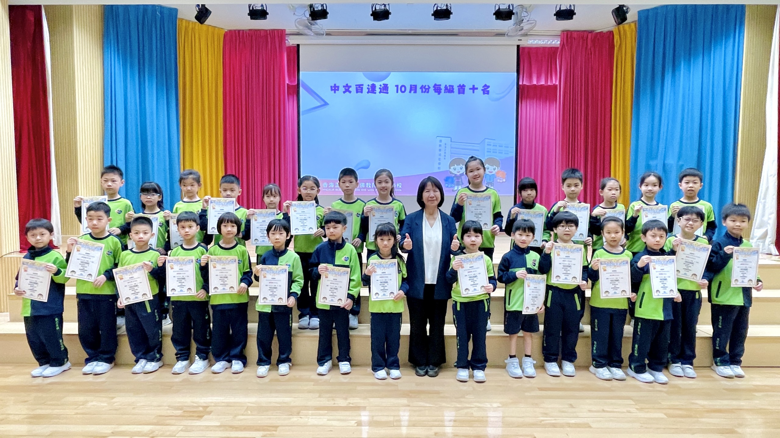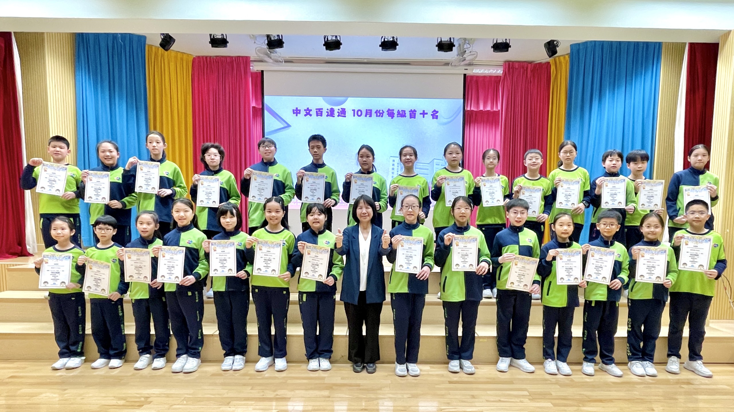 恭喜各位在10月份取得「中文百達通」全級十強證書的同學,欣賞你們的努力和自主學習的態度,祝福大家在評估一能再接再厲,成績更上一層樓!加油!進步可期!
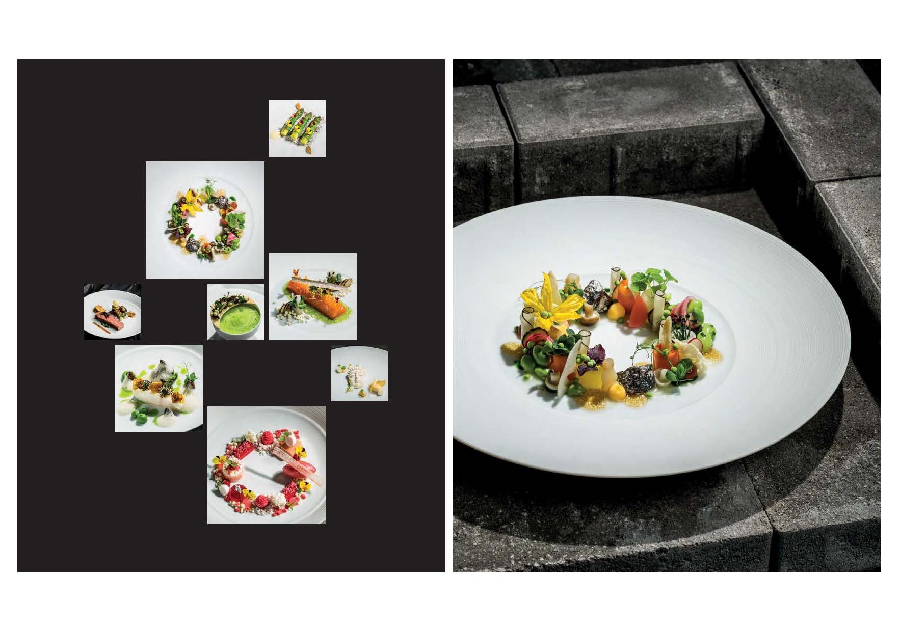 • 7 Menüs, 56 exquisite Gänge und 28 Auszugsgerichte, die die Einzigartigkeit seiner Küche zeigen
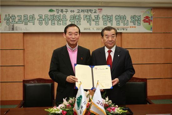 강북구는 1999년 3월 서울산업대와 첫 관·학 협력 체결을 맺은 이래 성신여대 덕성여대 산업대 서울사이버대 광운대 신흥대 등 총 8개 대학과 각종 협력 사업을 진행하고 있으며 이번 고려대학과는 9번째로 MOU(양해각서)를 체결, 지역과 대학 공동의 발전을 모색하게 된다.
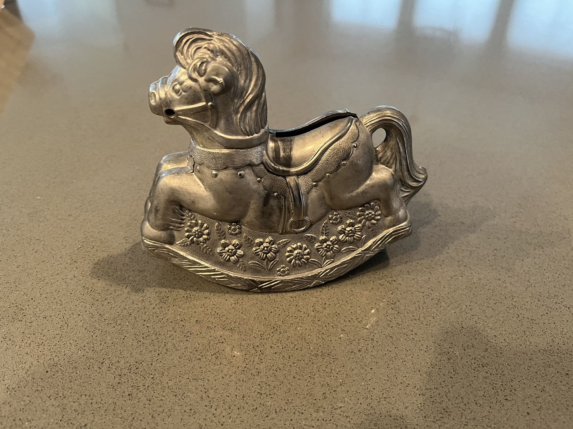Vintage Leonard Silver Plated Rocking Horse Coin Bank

(Exercise brief): Could you give back the full listing word for word, leaving out the images?

(Exercise solution):
 恭喜各位在10月份取得「中文百達通」全級十強證書的同學,欣賞你們的努力和自主學習的態度,祝福大家在評估一能再接再厲,成績更上一層樓!加油!進步可期!
 • 7 Menüs, 56 exquisite Gänge und 28 Auszugsgerichte, die die Einzigartigkeit seiner Küche zeigen
 강북구는 1999년 3월 서울산업대와 첫 관·학 협력 체결을 맺은 이래 성신여대 덕성여대 산업대 서울사이버대 광운대 신흥대 등 총 8개 대학과 각종 협력 사업을 진행하고 있으며 이번 고려대학과는 9번째로 MOU(양해각서)를 체결, 지역과 대학 공동의 발전을 모색하게 된다.
Vintage Leonard Silver Plated Rocking Horse Coin Bank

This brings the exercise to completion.